Everybody had expressed his or her sorrow in their own way. Everybody had felt the necessity to revise his or her relations with Madame Perla under the circumstances. Lilica had felt that she had lost her mainstay; she had had an unshakable belief that the strongest and most reliable woman in her life would shelter her under her wings till the end of her life. This conviction of hers was her only alternative. Madame Roza had tried once again to divest her from her identity as the alien spinster of the family. As for his father, it was the period during which he would, in conjunction with his wife, revise their past and evaluate their achievements and failures, and for him it was time to assume a paternal duty with a new responsibility. From that day on they felt closer to each other. It was as though everybody had attempted to pay Madame Perla the cost of what had been acquired in the past with a true piece of themselves. Throughout the first nights, mother and son would sit for long hours talking of the days they had spent at Halıcıoğlu. He asked her to tell him about past incidents as she patiently narrated them to the best of her recollection, trying to recall all the details. These details were indispensable for both of them in order to build up a new world of confidence through legend.

Madame Perla now and then had long talks with her husband. She was inclined, however, to listen rather than to speak; the latter spoke to her about daily events, kept her informed of the developments in the outside world. They had had their legends in the past; legends rediscovered, taking different steps toward them. They lived in separate rooms; they were like two close friends under the same roof.
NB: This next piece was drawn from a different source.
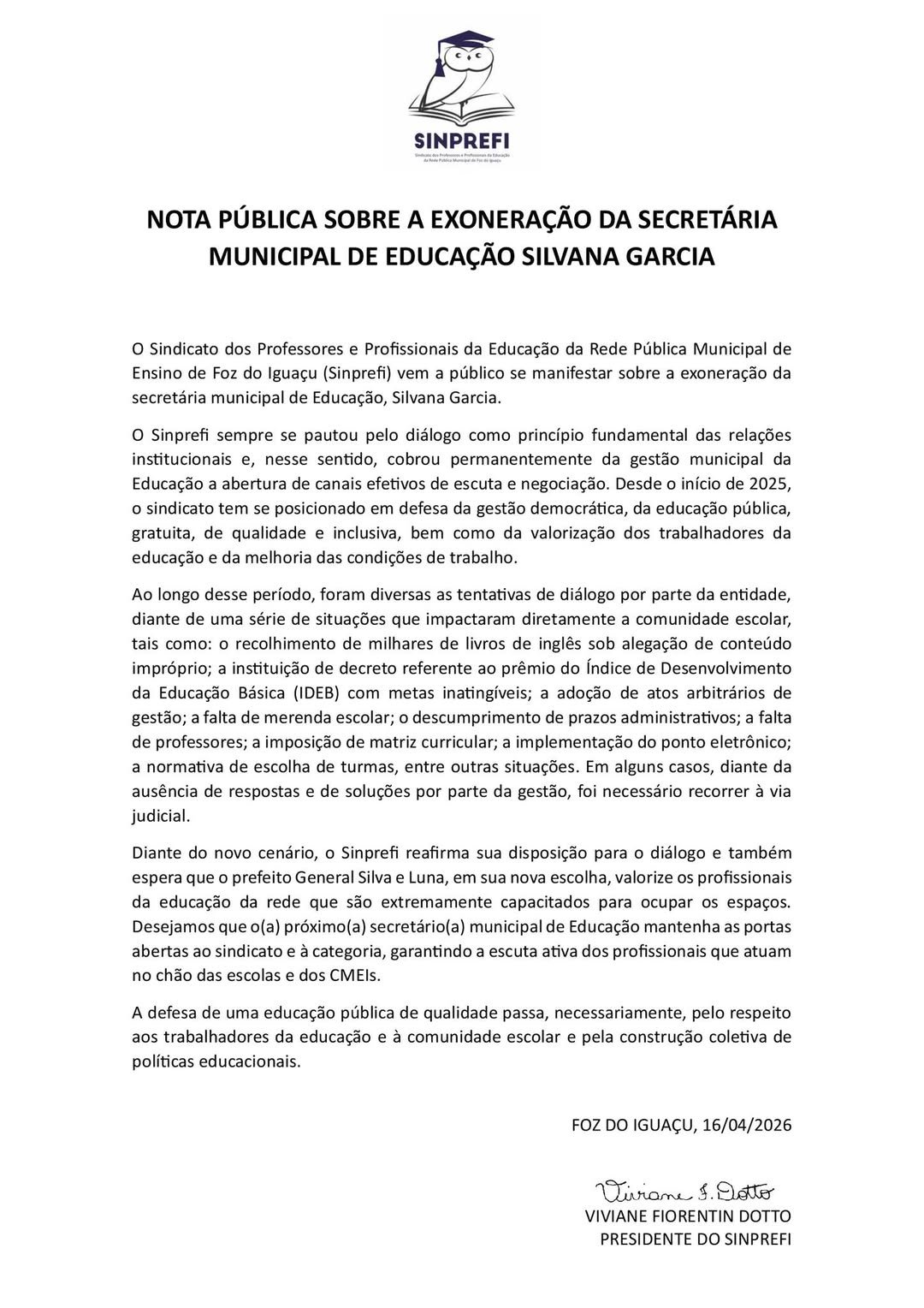 NOTA PÚBLICA SOBRE A EXONERAÇÃO DA SECRETÁRIA MUNICIPAL DE EDUCAÇÃO SILVANA GARCIA

This separation was his mother’s choice. It seemed that it was for her a preparation for the world to which she wanted to devote herself. Both reality and dream had their equal share in that world. She had become accustomed to finding her way in the house by gingerly groping along; throughout the twenty-four hours during which darkness surrounded her, she was able to manage on her own. These ways of hers they could understand; ways quite different from the road of solitude they could never approach. Certain mornings he observed bruises on his mother’s forehead or arms. When he asked her about them, she simply said: “Don’t bother! The clumsy age!” or “I bumped against the door.” The causes were all too evident. Madame Perla, who influenced people by her demeanor and attractive figure, banged her head and arms here and there during her sleepless night walks. At such moments tears rushed to his eyes; he would have liked to embrace her and kiss her. He had not taken that huge, little step at the time. The reason? Brooding on the answer to this question created in him a sense that everything seemed to have been settled. When the time came, he had already become inured to it. He had given up asking questions and probing into issues of which he had had surfeit knowledge. He knew that she gingerly wandered on certain nights in the corridors and rooms when everybody was fast asleep, touching the objects around her, especially the old ones, while holding conversations most probably with the Madame Perlas of yore in an incomprehensible language. When he woke up in the middle of the night to answer nature’s call, he had had the opportunity to see her. He knew that he had to be careful not to make any noise and leave her to manage on her own. Quite probably, they were her brightest hours, when she felt she most existed.